家族構成やライフステージの変化があったとき、それまで住んでいた家がどうもしっくりこなくなる時があると思います。例えば子どもが巣立ったあとの子ども部屋をどう使ったらよいかわからない、など。
間取り選びにおいて、子どもには個室を与えてあげたいと思う人はたくさんいらっしゃるようです。もちろん、住戸面積が広ければ、十分な広さの個室を子どもの数だけ用意することができるでしょう。
しかし都市部のマンションの場合、ただでさえ価格が高止まりしていて、なかなか一般のご家庭では手が届かないものになりつつあります。そこで、ファミリー向けの間取りでも専有面積が60㎡台程度と、専有面積を縮小して手が届きやすい価格にしている物件が多く見られます。
専有面積60㎡程度で子ども部屋の数も確保したいとなると、各部屋を小さくするしかありません。
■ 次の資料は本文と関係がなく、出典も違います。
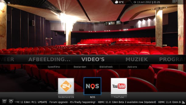 U voegt eenvoudig online televisiekanalen toe aan XBMC. Ga in het hoofdmenu naar Video's en kies Add-ons. Klik op Add-ons installeren en blader vervolgens door de diverse televisiekanalen. Aanraders van Nederlandse bodem zijn Nederland 24 en NOS. Wanneer u een interessant kanaal hebt gevonden, klikt u op de naam en kiest u Installeren. U vindt de geïnstalleerde kanalen terug in XBMC door op Video's te klikken.
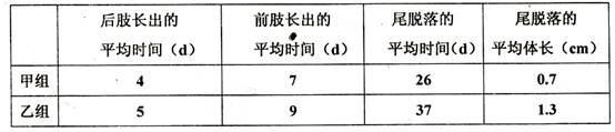 ②甲组每隔一天加甲状腺激素5mg,持续5次,乙组不加___________,其他培养条
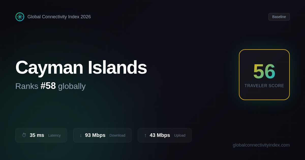 Cayman Islands ranked #57 globally for internet connectivity (2026)

その結果、4.5畳~5畳程度の個室が二つある3LDKの間取りが誕生します。
子どもが一緒に暮しているときは良かったものの、子どもが巣立った後、その狭い個室は使いようがなく、物置になっているご家庭も多いのではないでしょうか。限りある住空間なのに、もったいないですよね。
マンションの住戸内に細かく区切られた空間が多くあると、 その分、住戸内の風通しも悪くなります。 子どもが巣立ち、夫婦二人でゆっくり暮すようになると、ひとつひとつが手狭な空間がたくさんあるよりも、明るく風通しがよい部屋で過ごしたいと思うのではないでしょうか。
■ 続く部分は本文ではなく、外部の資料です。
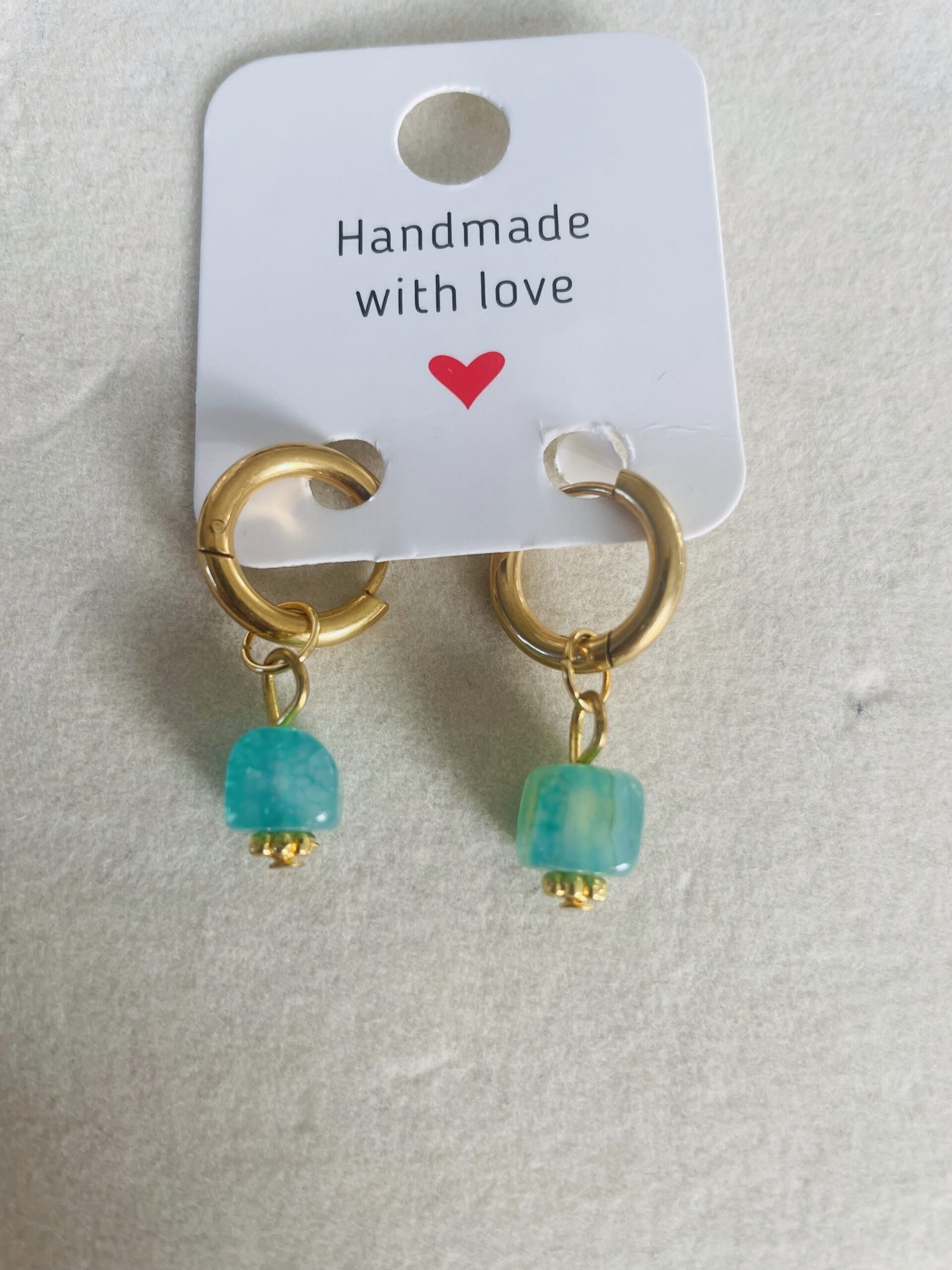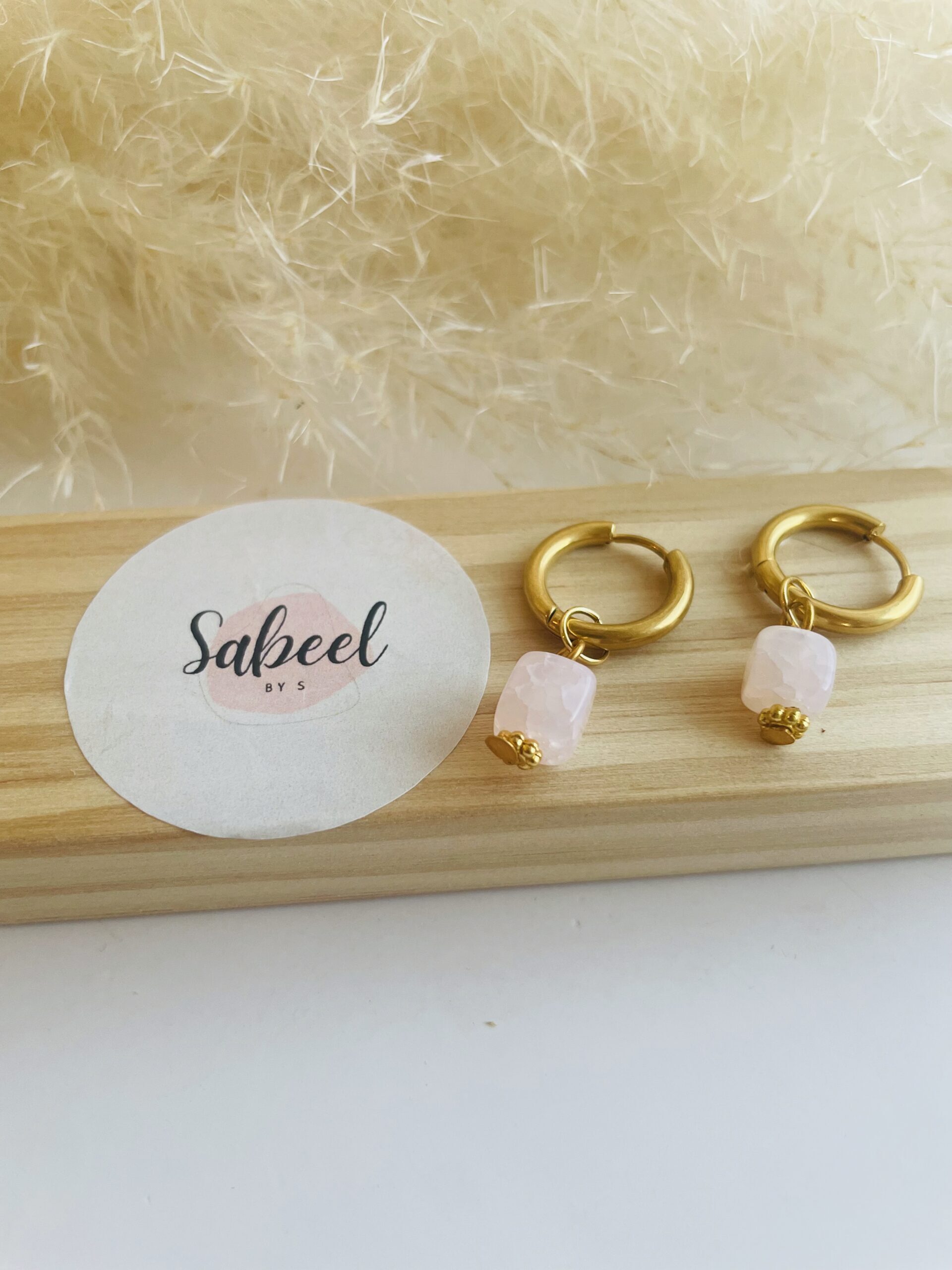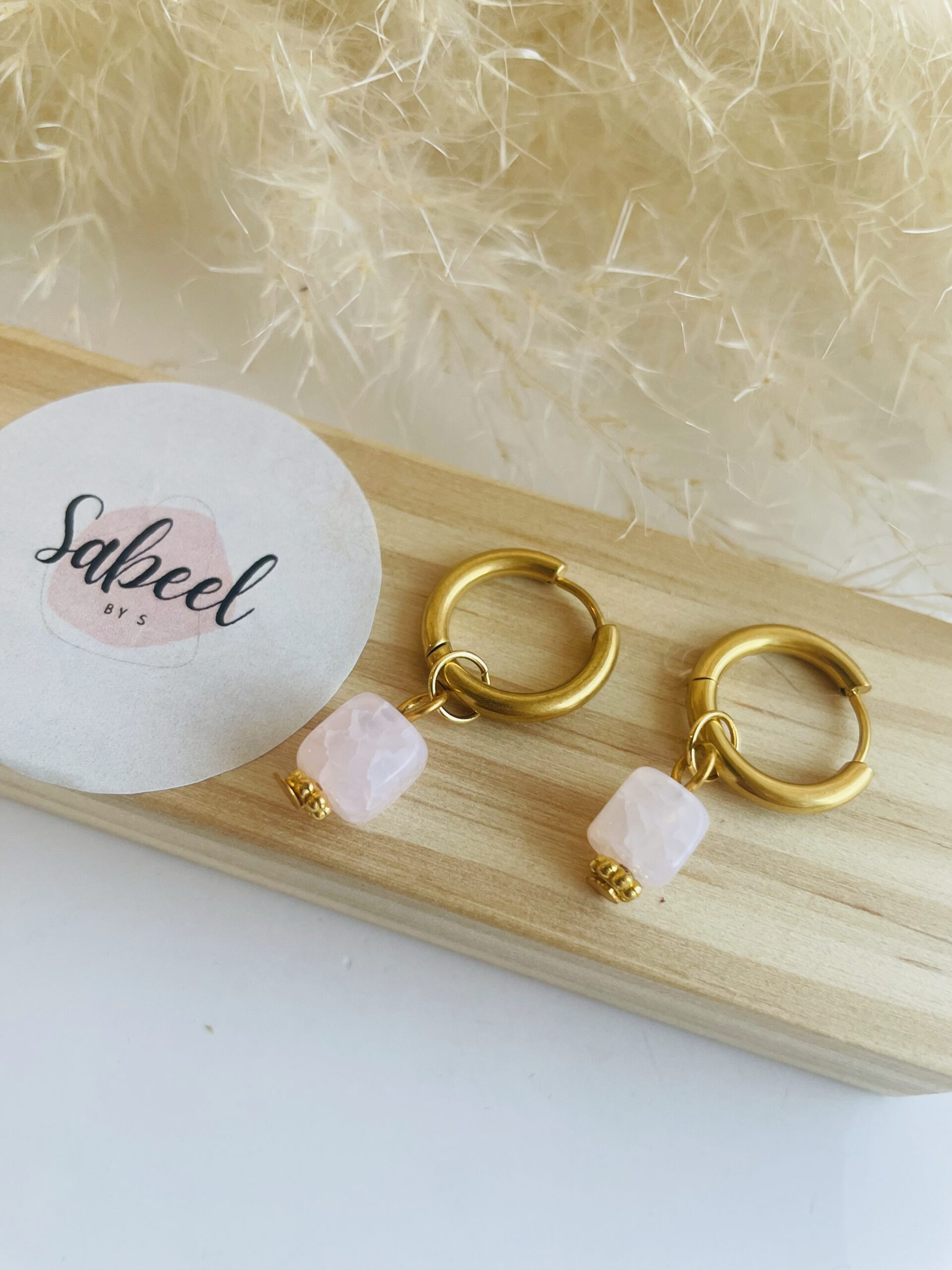 Boucles d’oreilles en acier inoxydable et charm en pierre naturelle carrée rose

間取りにある工夫がしてあれば、その時々の生活シーンに合わせて、または子どもの成長に合わせて、様々な使い方ができます。キーワードは引き戸の多用です。引き戸は、開け閉めすることで、空間をつなげたり、分けたりと、フレキシブルに空間を使い分けることができるスグレモノです。
下の写真はリビングと隣接する洋室の間仕切りを引き戸にした例です。引き戸を開けることで空間を広く使ったり、引き戸を閉めて別々な部屋として使うこともできます。
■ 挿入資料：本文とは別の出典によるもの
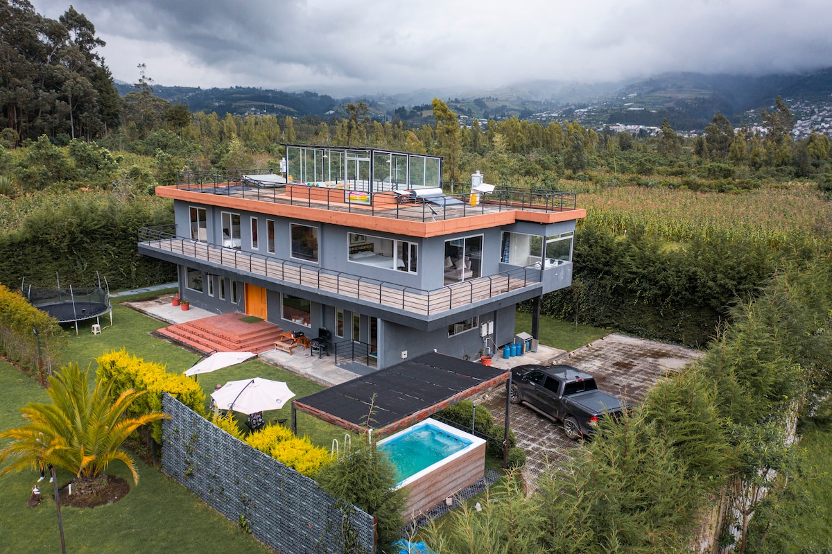 Nuestra casa del lago, fuciona el diseño industrial con calidez, madera y ladrillo, y brinda un descanso perfecto y base ideal para conocer la encantadora zona de Otavalo. Estamos a 20 min. del Mercado de los Ponchos, 50 minutos de las Lagunas de Mojanda, 20 min. de Cayambe, 40 min. de Cotacachi, etc Disfrute de noches acogedoras con dos chimeneas, un calentador exterior eléctrico y en la terraza un fire pit que les acompañarán a disfrutar los atardeceres más bellos de la sierra.
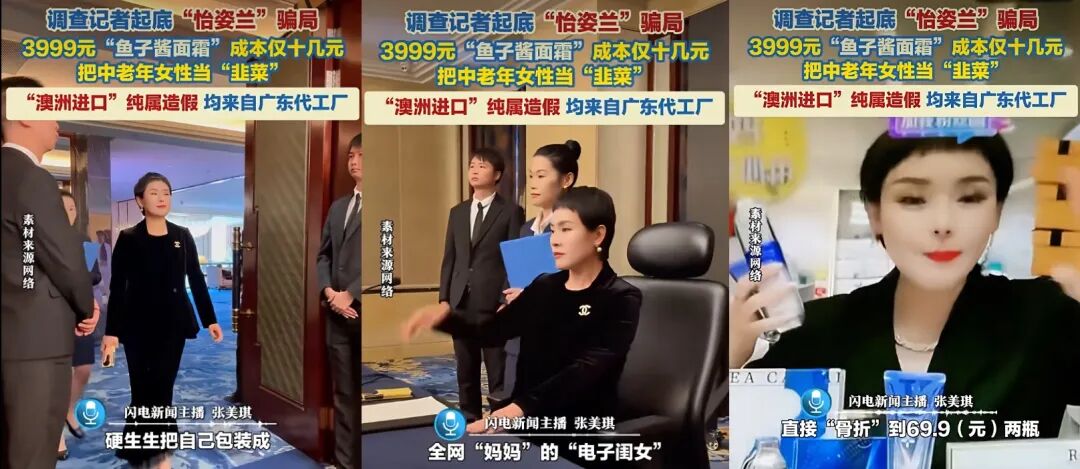 中国新闻网视频号指出,这是以“女总裁路见不平”为固定剧本,打造全网“妈妈们”的“电子闺女”人设,最终目的是直播卖货“回春液”和“大膜王皇后霜”等产品。
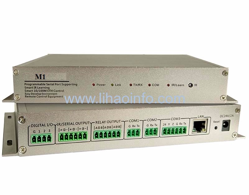 ? 1路TCP/IP 10M/100M以太網接口(TCP/IP,RJ45接口),用于管理本機(包括設定本機網絡參數、本地程序上傳、紅外學習控制等)及應用時收發命令;

引き戸を多用し、フレキシブルに空間を使い分けることができるマンションの間取り例を こちらの記事で いくつかご紹介し、ポイントを解説しています。興味のある方はぜひご覧になってください。
家族構成や生活スタイルの変化のたびに、リフォームしたり引っ越ししたりするのは大変ですよね。また、家に合わせた暮らしを強いられるのも避けたいものです。最初に間取り選びをするときに、少し先の将来の暮らしぶりも想像しつつ、可変性のある間取りになっているかもぜひチェックするようにしてください。